On 3 January, a "D" model (tail number 55‑0056, call sign "Ruby 02") with the 307th Strategic Wing, U‑Tapao, Thailand crashed into the Gulf of Tonkin after the airplane was hit by a SA-2 surface-to-air missile while flying over Vinh, North Vietnam. The captain decided to evacuate the target area but with two engines out of service, electric, and hydraulic systems out, he ordered the crew to abandon the aircraft and to bail out over the South China Sea. The airplane and all six crew members were evacuated by the crew of a USAF HH-53 helicopter and USMC CH-46 helicopter.

On 13 January, another "D" (tail number 55‑0116) from the 43rd Strategic Wing out of U‑Tapao AB, Thailand, made an emergency landing at Da Nang AFB, South Vietnam with battle damage from SA-2 surface-to-air missile hits. While engaged in a bombing mission over North Vietnam, the airplane was hit by enemy fire. The captain decided to evacuate the target area and to divert to Đà Nẵng Airport for an emergency landing. After touchdown, the airplane was unable to stop within the remaining runway, overran, and came to rest. With the end of the Vietnam War imminent on 1 April 1973, the aircraft was scrapped 29 March because there was insufficient time to repair it. All six crew members escaped uninjured.

=== 1974 ===
On 8 February, a "G" model (tail number 58‑0174) from the 744th Bombardment Squadron, 456th Bombardment Wing, out of Beale AFB, California crashed shortly after takeoff on a night training mission. Just after liftoff, during the initial climb, the airplane went out of control, inverted, and crashed in an explosion. A crew member was seriously injured while all others were killed. A few days later, the only survivor died from his injuries.

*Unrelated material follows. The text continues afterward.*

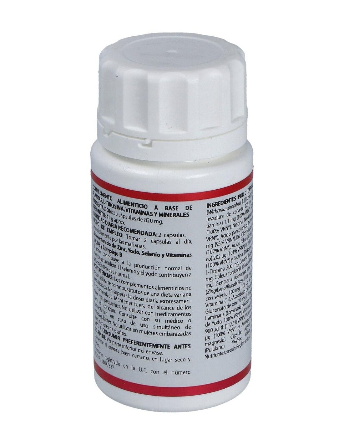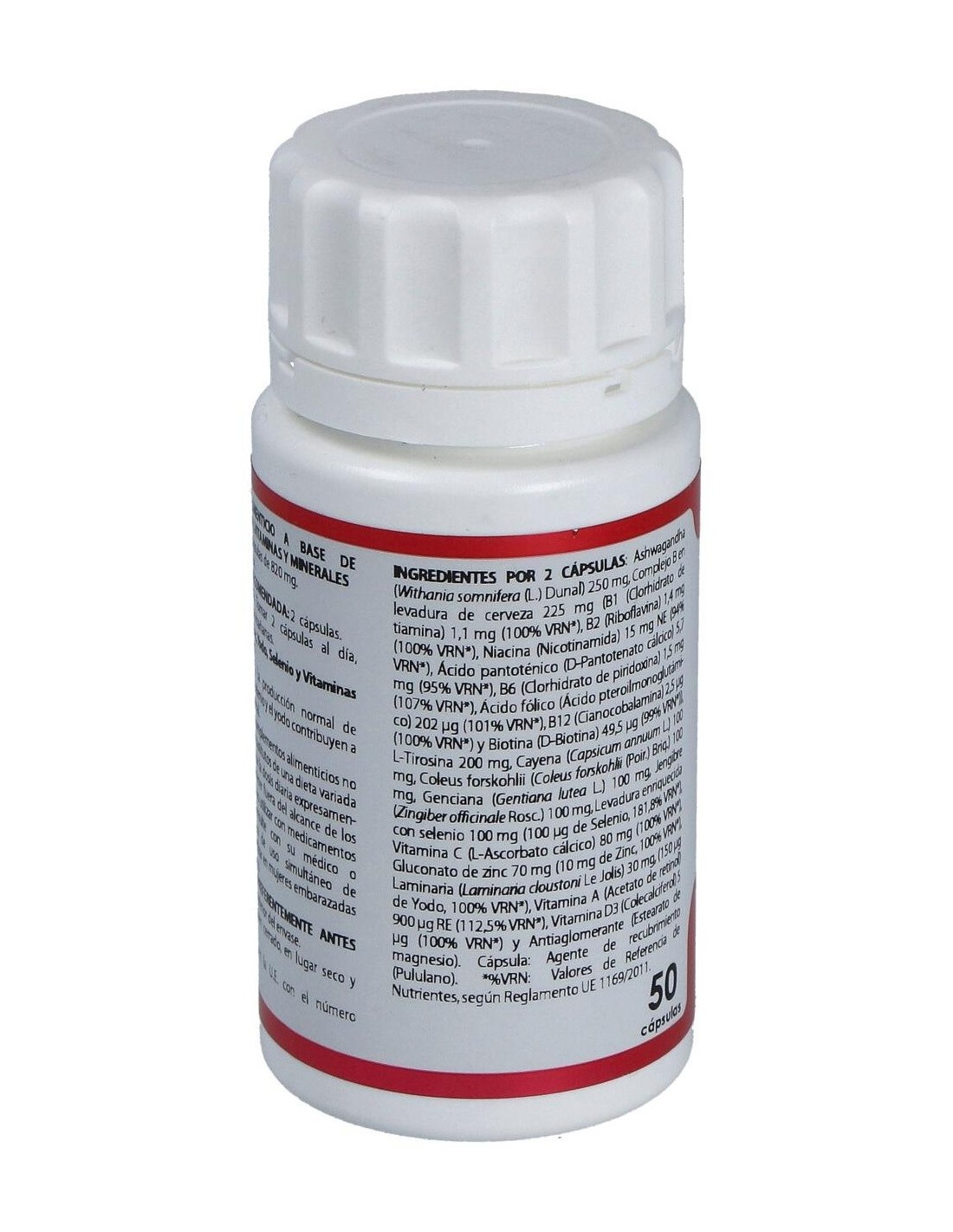 ASHWAGANDHA EXTRACTO SECO (WITHANIA SOMNÍFERA (L.) DUNAL, RAÍZ, =1,5% WHITANÓLIDOS), 125 MG; LYNSIDE® FORTE B100 (VITAMINAS DEL COMPLEJO B (VITAMINA B1 (TIAMINA CLORHIDRATO) 5.100 PPM, VITAMINA B2 (RIBOFLAVINA) 6.100 PPM, NIACINA 68.000 PPM, ÁCIDO PANTOTÉNICO (D-PANTOTENATO CÁLCICO) 25.400 PPM, VITAMINA B6 (PIRIDOXINA CLORHIDRATO) 6.700 PPM, D-BIOTINA 220 PPM, ÁCIDO FÓLICO 900 PPM, VITAMINA B12 (CIANOCOBALAMINA) 11 PPM) EN LEVADURA DE CERVEZA), 112,5 MG; L-TIROSINA, 100 MG; CAYENA POLVO (CAPSICUM ANNUUM L., FRUTO, 0,4% CAPSAICINOIDES TOTALES EXPRESADOS COMO CAPSAICINA), 50 MG; COLEUS FORSKOHLII EXTRACTO SECO (COLEUS FORSKOHLII (POIR.) BRIQ., PARTES AÉREAS, >10% FORSKOLINA), 50 MG; GENCIANA EXTRACTO SECO (GENTIANA LUTEA L., RAÍZ, RATIO 4:1), 50 MG; JENGIBRE EXTRACTO SECO (ZINGIBER OFFICINALE ROSCOE, RAÍZ, 5% GINGEROLES), 50 MG; LEVADURA ENRIQUECIDA CON SELENIO (1.000 PPM SELENIO), 50 MG; ASCORBATO DE CALCIO (VITAMINA C, 82,64 % ÁCIDO L-ASCÓRBICO), 48,4 MG; GLUCONATO DE ZINC (14,35% ZINC), 35 MG; KELP EXTRACTO SECO (LAMINARIA DIGITATA (HUDS.) J.V.LAMOUR., TALO, 1% YODO), 7,5 MG; ACETATO DE RETINOL (VITAMINA A, 150 µG RE/MG), 3 MG; COLECALCIFEROL (2,5 µG VITAMINA D3/MG), 1 MG. EXCIPIENTE TECNOLÓGICO: ESTEARATO DE MAGNESIO (ANTIAGLOMERANTE), C.S. ENVOLTURA: POLISACÁRIDO DE ORIGEN VEGETAL (PULULANO).

On 30 May, a B-52H (tail number 60-0006) with 34th Bombardment Squadron crashed on the Wright Patterson AFB runway during a Ground-controlled approach landing. On final approach, the airplane went out of control and crashed in a field. All seven crew members were rescued while the aircraft was destroyed. The investigation showed that the rudder and elevator failed causing a loss of control.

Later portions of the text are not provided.